Derrière la vitrine de la galerie souillée de cendres suspectes, une immense toile fait six pieds sur six pieds. Une huile, hyperréaliste. Jiao y est en avant-plan, le sourire radieux, dans son uniforme de service. Elle porte un plateau de fruits. À ses côtés, des clients sourient et semblent discuter. On voit la ville en contrebas, de beaux nuages blancs et, au loin, un avion déchirant le ciel. D’un réalisme troublant. L’œuvre a été peinte d’après photo, un simple cliché que Kyra avait pris au restaurant, il y a quelques semaines à peine.
Jiao se presse à l’intérieur. Une équipe technique, qui avait commencé l’accrochage en salle pour le vernissage prévu en soirée, avait visiblement tout laissé en plan. Un escabeau renversé, des outils épars, un café encore fumant, les tableaux cordés contre les murs.
Au fond de la galerie, dans l’atelier de Kyra, des employés bouleversés fixent l’écran d’une grosse télé. Certains pleurent, d’autres se cachent le visage. Une émission en direct diffuse les images en boucle d’un avion qui vient de percuter la tour nord du World Trade Centre, quelques étages au-dessous du restaurant où travaille Jiao, au 106e étage. Tout le personnel et les clients y sont emprisonnés. On voit des gens qui agitent de grandes nappes blanches, ils auront réussi à fracasser les robustes fenêtres. Un employé en uniforme noir et blanc, un collègue de Jiao, abandonné à son sort, s’apprête à plonger dans l’inconnu. Kader, Moïse Étienne, peut-être Jack. On peut imaginer l’horrible dilemme. La douleur défigure le visage de Kyra. « Si seulement elle m’avait écoutée », se plaignait-elle, mortifiée, inconsolable.
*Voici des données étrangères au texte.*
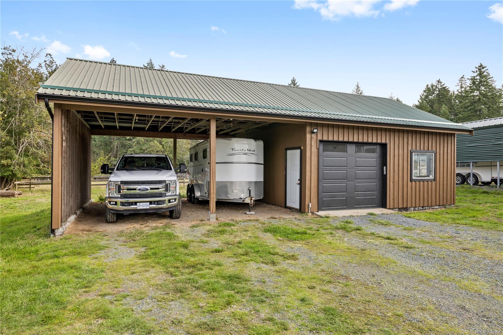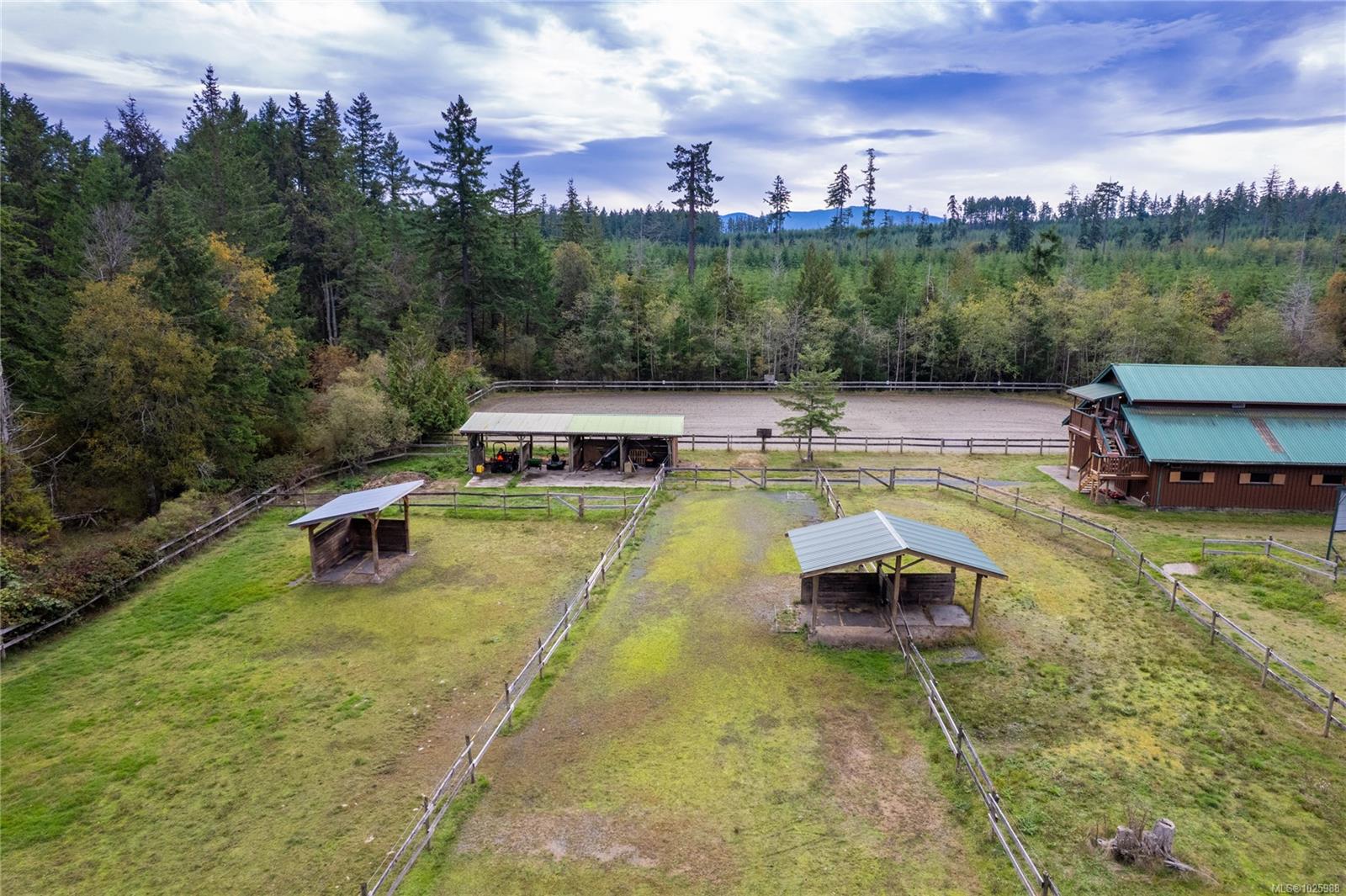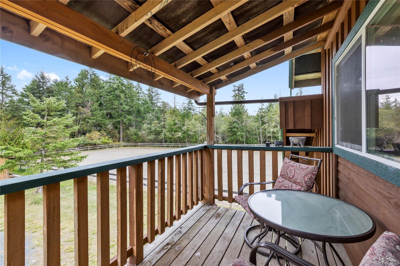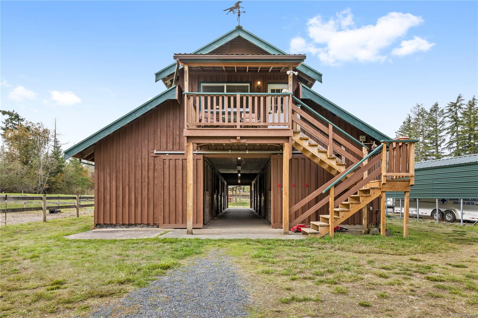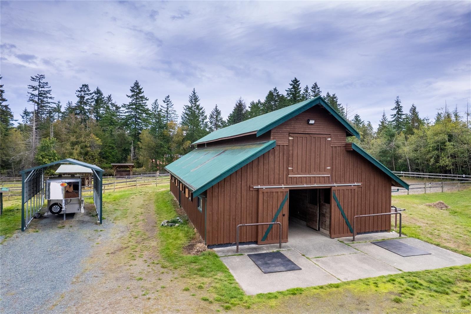 5-acre equestrian facility, with 2 homes, in the highly desirable Rocking Horse Loop neighbourhood in Nanoose Bay, ready for your equestrian dreams. Professionally engineered, well-ventilated barn with nine 12 x 12 rubber-matted stalls, heated wash bay with hot and cold water, heated office/tack room, and classroom/fitness room with kitchenette and full bathroom, plus a large, dry hay loft. 90 ft x 184 ft sand riding ring. Property backs onto miles of easily accessible trails and is a short ride to the beach, and the indoor arena around there corner on Spurs Rd. Fully fenced, with 5 extra-large paddocks and 5 shelters. Lots of treed areas for privacy and shade for horses. House One is a bright, fully updated, cozy two-bed, two-bath rancher with lots of warm wood features, some milled from trees off the property. Workshop with heated mechanical room and wired for 240V next to two covered bays. House Two is a beautiful, 2022 built, 5-bed, 2.5-bath two-storey home built in 2022, featuring a large open main living space with huge vaulted ceilings, propane fireplace, hot water on demand, and propane stovetop.

On a poussé le volume de la télé et les exclamations des commentateurs ajoutent à l’effroi.
À travers la porte vitrée, Jiao observe pendant un moment le désarroi du groupe.
« Mais qu’est-ce qui se passe au juste ? », crie Jiao Lin tout en s’introduisant dans la pièce, devant un parterre médusé.
Les 164 personnes, membres du personnel et clients, qui étaient présentes au restaurant Windows of the World au 106e étage de la tour nord du World Trade Centre, ont péri, en ce matin du 11 septembre 2001.